Wednesday, March 25 2020

Who has to do what. to make it happen?

  1. The government notice, give feedback, and support the project (giving fund, mobilize people to help, ordered related agencies/instances to help, ordered expert to actualize the project)
  2. People/community offering help deliberately, without asking reward/money as return. For alternative, I will propose fulfillment of social security and health insurance for people who live over landslide area
  3. People who will be part of citizen science is cooperative and eager to learn about this crowdsourcing project or how to operate the LandSwipe apps
  4. People have the sympathy to help others through this  project and have the same interest to start making a change
  5. Scientists/researches/students will not giving up everytime their scenario is failed or facing problems
  6. Scientists/researches/students want to spend quite long time to focus on this project, even if there is no guarantee whatsoever
  7. BMKG/BNPB/BPBD sent their expert/representative to work together in this field and support this project with their data
  8. NGO help to amplify this project and communicate it to the government or news media
  9. NGO help to give sponsored or funding to this project
  10. Me, as the conceptor of this project: I will write it down into proposal/papers, propose it to my lecturers to get some advices, send it to NGOs, related agencies, and local government. I will also try to promote this on social media and post it in change.org to acquire social pressure so other people can notice it (including government and national agencies)

Who are the key partners to execute?
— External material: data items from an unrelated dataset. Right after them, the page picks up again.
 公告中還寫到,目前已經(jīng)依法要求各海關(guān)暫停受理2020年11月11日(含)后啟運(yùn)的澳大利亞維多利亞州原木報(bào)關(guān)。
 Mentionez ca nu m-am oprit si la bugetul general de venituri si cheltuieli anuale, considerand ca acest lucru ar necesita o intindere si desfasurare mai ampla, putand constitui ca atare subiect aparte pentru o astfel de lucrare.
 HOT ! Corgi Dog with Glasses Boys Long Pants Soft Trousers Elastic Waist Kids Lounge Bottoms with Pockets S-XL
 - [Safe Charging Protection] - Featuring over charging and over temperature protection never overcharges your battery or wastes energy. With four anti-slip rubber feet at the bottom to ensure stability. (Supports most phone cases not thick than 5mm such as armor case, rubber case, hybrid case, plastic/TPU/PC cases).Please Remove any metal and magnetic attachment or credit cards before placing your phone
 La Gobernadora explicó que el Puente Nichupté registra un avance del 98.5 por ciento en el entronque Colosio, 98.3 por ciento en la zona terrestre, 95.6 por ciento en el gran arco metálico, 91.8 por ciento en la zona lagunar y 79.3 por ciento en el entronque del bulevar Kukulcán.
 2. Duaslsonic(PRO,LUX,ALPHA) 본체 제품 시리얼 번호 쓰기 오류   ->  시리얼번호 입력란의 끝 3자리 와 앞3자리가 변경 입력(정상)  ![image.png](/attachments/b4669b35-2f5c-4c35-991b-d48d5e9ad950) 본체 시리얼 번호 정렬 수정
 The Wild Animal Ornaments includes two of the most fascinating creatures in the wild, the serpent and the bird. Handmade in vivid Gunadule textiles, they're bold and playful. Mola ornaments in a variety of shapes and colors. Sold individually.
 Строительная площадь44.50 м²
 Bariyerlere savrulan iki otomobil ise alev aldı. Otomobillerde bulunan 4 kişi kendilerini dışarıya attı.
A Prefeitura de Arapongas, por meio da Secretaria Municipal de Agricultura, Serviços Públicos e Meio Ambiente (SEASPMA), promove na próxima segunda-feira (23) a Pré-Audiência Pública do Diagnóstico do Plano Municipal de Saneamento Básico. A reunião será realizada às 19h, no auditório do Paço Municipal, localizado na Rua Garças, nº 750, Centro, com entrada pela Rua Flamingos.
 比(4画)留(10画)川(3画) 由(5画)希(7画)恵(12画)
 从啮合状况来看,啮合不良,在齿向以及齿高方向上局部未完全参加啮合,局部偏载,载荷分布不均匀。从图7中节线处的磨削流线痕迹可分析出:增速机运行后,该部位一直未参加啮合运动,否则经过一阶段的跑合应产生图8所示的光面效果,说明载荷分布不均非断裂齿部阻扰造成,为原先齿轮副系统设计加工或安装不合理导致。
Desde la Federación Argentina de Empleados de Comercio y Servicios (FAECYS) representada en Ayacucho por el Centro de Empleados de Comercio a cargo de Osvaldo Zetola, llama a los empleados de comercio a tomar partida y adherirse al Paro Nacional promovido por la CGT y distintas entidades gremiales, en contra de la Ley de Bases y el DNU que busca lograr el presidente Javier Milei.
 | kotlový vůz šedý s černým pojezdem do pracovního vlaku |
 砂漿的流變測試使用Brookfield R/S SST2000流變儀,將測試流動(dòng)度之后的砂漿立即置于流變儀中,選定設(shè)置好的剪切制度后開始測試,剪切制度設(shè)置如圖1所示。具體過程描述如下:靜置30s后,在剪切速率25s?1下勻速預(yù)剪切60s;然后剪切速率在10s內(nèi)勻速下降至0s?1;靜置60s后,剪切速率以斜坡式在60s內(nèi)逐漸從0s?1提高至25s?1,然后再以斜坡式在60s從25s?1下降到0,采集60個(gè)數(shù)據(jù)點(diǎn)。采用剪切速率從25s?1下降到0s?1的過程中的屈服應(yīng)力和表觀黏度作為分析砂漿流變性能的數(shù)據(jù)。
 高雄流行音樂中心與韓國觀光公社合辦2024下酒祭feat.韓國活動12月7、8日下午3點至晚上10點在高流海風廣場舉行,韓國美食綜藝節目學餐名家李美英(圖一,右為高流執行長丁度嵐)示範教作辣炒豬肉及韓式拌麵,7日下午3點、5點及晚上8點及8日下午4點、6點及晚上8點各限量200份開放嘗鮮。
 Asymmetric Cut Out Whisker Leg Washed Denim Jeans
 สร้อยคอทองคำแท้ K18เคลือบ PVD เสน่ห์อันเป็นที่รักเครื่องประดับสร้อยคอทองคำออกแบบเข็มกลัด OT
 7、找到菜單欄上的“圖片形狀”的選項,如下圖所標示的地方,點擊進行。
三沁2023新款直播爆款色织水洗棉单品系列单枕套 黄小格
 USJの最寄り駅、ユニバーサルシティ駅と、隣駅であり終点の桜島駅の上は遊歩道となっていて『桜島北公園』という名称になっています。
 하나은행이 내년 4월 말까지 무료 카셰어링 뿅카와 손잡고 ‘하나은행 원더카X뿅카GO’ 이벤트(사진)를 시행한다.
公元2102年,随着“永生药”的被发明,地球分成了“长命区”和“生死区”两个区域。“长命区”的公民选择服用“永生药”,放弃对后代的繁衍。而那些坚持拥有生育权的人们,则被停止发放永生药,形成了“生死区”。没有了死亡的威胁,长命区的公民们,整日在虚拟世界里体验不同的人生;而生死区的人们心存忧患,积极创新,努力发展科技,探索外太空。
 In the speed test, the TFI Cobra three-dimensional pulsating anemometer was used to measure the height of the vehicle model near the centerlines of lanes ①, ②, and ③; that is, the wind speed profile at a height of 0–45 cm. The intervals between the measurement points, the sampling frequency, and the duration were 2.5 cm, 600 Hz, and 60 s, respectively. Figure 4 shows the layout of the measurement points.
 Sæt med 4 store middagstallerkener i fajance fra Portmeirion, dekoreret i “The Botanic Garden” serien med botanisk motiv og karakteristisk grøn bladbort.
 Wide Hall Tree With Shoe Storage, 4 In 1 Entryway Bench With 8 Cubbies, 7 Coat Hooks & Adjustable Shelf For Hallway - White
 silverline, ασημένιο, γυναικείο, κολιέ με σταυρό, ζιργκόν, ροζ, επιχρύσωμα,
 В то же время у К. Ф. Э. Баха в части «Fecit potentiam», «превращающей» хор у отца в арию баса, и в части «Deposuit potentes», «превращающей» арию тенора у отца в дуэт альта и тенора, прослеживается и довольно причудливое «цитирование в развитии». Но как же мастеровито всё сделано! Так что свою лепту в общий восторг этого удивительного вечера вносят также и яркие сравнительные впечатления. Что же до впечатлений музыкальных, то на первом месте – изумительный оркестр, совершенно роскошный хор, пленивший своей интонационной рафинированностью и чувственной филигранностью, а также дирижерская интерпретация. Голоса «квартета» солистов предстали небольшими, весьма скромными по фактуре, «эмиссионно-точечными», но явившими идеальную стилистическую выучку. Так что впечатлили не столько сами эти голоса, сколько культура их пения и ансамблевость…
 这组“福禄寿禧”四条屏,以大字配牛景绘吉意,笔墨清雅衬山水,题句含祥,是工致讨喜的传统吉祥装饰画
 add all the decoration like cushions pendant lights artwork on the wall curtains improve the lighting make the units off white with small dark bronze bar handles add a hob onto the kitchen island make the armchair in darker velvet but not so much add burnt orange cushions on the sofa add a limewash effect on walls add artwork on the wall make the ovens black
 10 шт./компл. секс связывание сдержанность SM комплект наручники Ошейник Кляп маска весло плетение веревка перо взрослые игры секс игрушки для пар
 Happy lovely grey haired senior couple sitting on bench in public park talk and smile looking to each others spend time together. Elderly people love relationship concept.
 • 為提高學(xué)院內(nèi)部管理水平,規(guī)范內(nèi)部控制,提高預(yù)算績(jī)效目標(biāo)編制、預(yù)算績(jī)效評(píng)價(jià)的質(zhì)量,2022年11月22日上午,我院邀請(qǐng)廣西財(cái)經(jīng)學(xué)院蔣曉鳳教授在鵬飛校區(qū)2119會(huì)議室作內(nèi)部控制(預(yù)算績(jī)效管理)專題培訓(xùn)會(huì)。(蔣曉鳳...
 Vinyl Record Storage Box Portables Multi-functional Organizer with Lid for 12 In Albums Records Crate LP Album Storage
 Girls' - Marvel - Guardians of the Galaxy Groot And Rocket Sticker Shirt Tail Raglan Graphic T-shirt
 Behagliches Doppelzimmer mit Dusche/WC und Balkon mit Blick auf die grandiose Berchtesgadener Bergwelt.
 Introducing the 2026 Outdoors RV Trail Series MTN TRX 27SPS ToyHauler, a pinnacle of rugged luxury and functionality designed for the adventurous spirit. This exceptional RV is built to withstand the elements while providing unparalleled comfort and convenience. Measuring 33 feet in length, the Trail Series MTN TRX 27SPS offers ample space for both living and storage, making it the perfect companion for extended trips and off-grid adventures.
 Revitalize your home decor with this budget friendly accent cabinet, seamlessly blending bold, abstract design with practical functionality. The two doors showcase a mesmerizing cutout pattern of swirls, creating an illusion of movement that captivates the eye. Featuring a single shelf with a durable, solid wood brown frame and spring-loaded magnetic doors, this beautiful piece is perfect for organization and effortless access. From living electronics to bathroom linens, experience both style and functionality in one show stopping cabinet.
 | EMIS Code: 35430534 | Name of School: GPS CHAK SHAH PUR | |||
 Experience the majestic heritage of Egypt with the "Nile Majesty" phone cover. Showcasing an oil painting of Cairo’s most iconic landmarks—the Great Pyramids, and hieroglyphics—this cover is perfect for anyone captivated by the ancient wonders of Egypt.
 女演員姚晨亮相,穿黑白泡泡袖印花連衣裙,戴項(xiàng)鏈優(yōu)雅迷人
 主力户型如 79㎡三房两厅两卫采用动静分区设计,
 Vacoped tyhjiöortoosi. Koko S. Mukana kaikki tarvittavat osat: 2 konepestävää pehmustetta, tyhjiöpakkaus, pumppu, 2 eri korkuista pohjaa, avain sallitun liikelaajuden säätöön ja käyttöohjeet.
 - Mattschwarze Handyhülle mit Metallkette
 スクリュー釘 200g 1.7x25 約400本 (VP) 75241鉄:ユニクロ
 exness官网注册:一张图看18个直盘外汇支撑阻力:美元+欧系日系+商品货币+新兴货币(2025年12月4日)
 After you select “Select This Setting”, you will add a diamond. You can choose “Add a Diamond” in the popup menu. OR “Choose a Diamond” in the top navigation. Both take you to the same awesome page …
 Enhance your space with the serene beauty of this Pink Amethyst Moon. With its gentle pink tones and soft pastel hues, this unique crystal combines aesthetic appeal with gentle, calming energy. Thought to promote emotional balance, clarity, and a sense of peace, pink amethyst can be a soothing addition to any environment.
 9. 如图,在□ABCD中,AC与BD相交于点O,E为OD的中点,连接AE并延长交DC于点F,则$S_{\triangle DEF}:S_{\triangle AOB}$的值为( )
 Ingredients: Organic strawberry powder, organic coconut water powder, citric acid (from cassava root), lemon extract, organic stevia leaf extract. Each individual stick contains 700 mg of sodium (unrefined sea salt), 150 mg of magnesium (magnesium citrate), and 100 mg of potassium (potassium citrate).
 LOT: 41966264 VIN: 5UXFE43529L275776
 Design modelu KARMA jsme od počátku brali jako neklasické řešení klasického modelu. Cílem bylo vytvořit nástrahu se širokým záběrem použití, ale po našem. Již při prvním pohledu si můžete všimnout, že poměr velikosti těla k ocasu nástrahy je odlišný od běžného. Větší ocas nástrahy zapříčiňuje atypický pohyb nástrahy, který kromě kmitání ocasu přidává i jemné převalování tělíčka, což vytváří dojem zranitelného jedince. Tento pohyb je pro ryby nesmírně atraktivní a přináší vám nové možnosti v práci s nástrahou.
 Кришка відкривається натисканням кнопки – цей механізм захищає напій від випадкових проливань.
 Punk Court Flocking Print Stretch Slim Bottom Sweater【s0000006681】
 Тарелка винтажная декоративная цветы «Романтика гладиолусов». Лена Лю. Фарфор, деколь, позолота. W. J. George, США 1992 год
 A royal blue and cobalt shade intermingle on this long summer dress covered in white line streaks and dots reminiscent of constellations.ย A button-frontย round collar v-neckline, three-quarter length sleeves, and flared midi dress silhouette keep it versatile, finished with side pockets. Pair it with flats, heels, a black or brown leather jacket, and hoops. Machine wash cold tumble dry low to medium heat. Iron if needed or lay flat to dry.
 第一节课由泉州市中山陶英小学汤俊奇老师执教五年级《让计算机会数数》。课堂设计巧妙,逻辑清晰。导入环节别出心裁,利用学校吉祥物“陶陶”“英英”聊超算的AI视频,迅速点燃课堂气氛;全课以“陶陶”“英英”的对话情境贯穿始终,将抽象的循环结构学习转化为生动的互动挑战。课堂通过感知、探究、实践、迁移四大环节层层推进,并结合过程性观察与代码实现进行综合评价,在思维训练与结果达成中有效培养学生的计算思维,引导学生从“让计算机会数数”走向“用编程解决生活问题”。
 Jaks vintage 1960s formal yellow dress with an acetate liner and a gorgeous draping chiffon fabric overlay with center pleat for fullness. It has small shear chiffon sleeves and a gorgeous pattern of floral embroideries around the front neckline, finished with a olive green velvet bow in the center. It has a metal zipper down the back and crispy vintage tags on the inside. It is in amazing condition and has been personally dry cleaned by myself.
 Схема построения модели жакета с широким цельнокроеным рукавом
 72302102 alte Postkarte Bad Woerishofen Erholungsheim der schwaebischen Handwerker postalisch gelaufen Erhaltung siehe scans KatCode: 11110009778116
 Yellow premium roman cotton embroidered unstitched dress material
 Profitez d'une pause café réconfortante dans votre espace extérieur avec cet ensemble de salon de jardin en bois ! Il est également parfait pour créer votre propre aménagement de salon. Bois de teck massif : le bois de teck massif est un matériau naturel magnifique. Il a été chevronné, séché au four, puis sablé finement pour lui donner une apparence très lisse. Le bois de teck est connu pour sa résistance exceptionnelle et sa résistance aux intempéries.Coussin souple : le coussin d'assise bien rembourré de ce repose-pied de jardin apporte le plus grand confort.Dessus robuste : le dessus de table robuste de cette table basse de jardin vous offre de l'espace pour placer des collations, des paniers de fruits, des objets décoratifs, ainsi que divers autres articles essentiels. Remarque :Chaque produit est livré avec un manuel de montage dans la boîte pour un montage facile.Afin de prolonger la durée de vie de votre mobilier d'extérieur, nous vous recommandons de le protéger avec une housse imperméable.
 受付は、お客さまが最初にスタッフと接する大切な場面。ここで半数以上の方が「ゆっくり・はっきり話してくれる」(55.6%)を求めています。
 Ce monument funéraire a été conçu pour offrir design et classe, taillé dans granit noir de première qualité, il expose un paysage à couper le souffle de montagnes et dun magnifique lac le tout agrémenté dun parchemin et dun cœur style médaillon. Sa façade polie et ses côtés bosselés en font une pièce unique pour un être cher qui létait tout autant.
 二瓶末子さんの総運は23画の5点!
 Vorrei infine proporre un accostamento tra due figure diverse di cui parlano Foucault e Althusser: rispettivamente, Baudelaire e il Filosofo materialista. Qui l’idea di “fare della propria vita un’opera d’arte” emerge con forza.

Key partners to help others evaluate your value preposition?

  1. Collegues who have the same interest, so he/she can give feedback and help me actualize the project
  2. Experts on AI and mobile application development to help me actualize the project as my technical support
  3. Lectures who can give me insight/critics/advice about my project and introduce me to his/her network so that cooperation can be established
  4. NGOs who have more experience on how to communicate with people and also government
  5. BNPB/BPBD/BMKG and other related instances who can support us with data, give advice, and communicate with the government
  6. Last, local government who have a full control over the research area, including the permission to work on the project, the power to instruct their people, money/fund to actualize the project

What are the precipitating events?

  1. Artificial Intelligence (AI) often used by many field this recent days, applying it on meteorological to predict rainfall-induced landslide is nice idea
  2. Rigid/ well-integrated Landslide Early Warning System still not available in Indonesia
  3. The use of social media platform is very massive in Indonesia, so LandSwipe apps may change the social media behaviour (before -> only post status, now-> help other people/increase emphaty, get knowledge, direct connection to government, agencies, instances, hospital, etc)
  4. Internet is faster and well developed so it ease the actualization of this project (most of Indonesia area used 4G -> 5 G)
  5. Landslide happen more often than previous years, therefore an accurate landslide prediction is urgently need
Wednesday, March 25 2020

who else is in the field?

  1. Researchers who concern about landslide problems and do research related to it
  2. Friend and collegues who have the same interest
  3. People who live over the landslide prone areas (who potentially become citizen science reporters)
  4. BPBD (Local Agency on Disaster Management) who will be responsible if any disaster happen in the responsibility area
  5. BMKG who currently develop impact based weather forecast (rainfall-induced landslide is one of the issue)
  6. NGO who concern and working on environmental preservaton issue

What's wrong? Missing? Not working?

  1. Use additional variable as features (rainfall accumulation) compared to Caine (1980) and Guzzetti et al. (2008)
  2. Consider antecedent rainfall, many research said it plays important role on triggering landslide occurences, so I devide each three variable into 4 different temporal scales (D, D-1, D-2, D-3)
  3. Besides exploiting the use of AI (such the work of Ermini et al. (2005) and Saro et al. (2016)), I also plan to involve community participation as part of citizen scrience reporters -> to become crowdsourcing project
  4. Adapt to the latest condition, technology, and user needs/wants/habits by making personas. After succeed on building the AI model prediction (in this case I use PNN) which has the best performance on predicting landslide, I plan to develop mobile phone application named LandSwipe to distribute the produced information and provide a platform where community can have direct contact to related instances, report information related to landslide just like how they act on social media, receive knowledge related to landslide, and help this project at the same time.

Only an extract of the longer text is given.